◆ **Provided data**:
::::::

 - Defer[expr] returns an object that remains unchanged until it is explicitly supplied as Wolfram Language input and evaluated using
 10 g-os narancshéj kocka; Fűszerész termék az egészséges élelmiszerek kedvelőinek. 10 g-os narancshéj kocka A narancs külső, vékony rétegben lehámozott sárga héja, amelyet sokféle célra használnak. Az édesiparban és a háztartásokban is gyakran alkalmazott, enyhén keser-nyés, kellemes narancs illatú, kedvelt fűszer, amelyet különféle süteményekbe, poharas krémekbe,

::::::

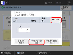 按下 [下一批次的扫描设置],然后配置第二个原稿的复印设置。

::::::

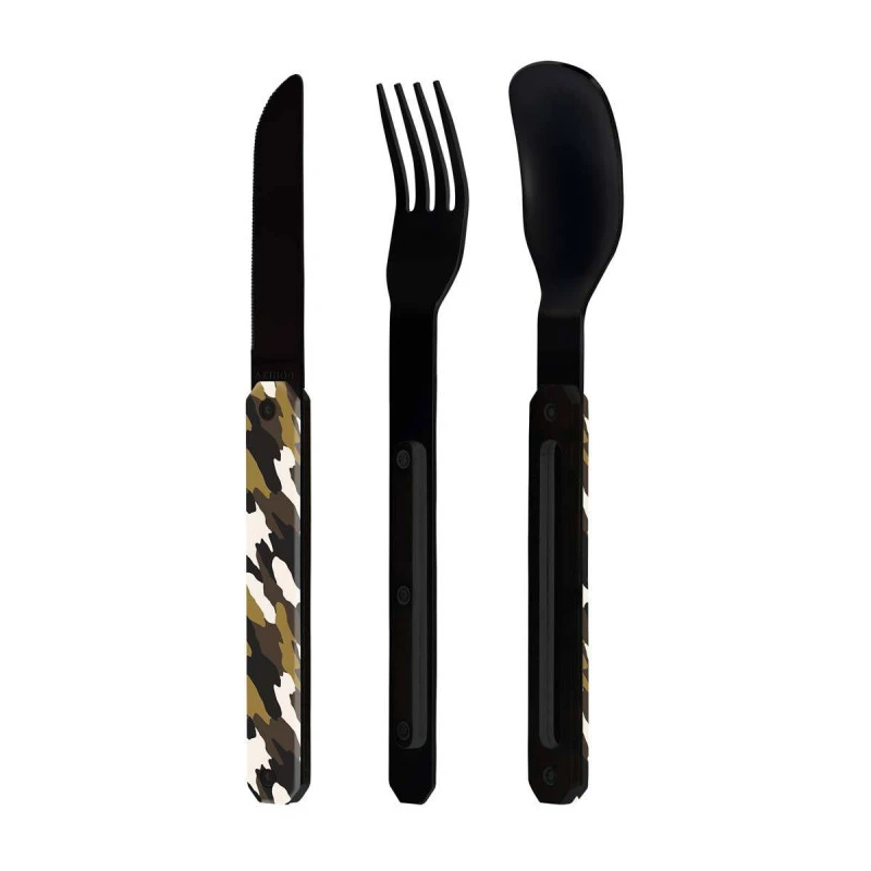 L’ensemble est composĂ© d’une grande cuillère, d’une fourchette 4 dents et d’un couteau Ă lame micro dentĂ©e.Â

::::::

◆ **What the task requires**: Scan the lines above for "- Defer[expr] returns" and for "10 g-os narancshéj kocka;". Repeat exactly the line holding each of them and every line in between.

◆ **Reply to the task**:
 - Defer[expr] returns an object that remains unchanged until it is explicitly supplied as Wolfram Language input and evaluated using
 10 g-os narancshéj kocka; Fűszerész termék az egészséges élelmiszerek kedvelőinek. 10 g-os narancshéj kocka A narancs külső, vékony rétegben lehámozott sárga héja, amelyet sokféle célra használnak. Az édesiparban és a háztartásokban is gyakran alkalmazott, enyhén keser-nyés, kellemes narancs illatú, kedvelt fűszer, amelyet különféle süteményekbe, poharas krémekbe,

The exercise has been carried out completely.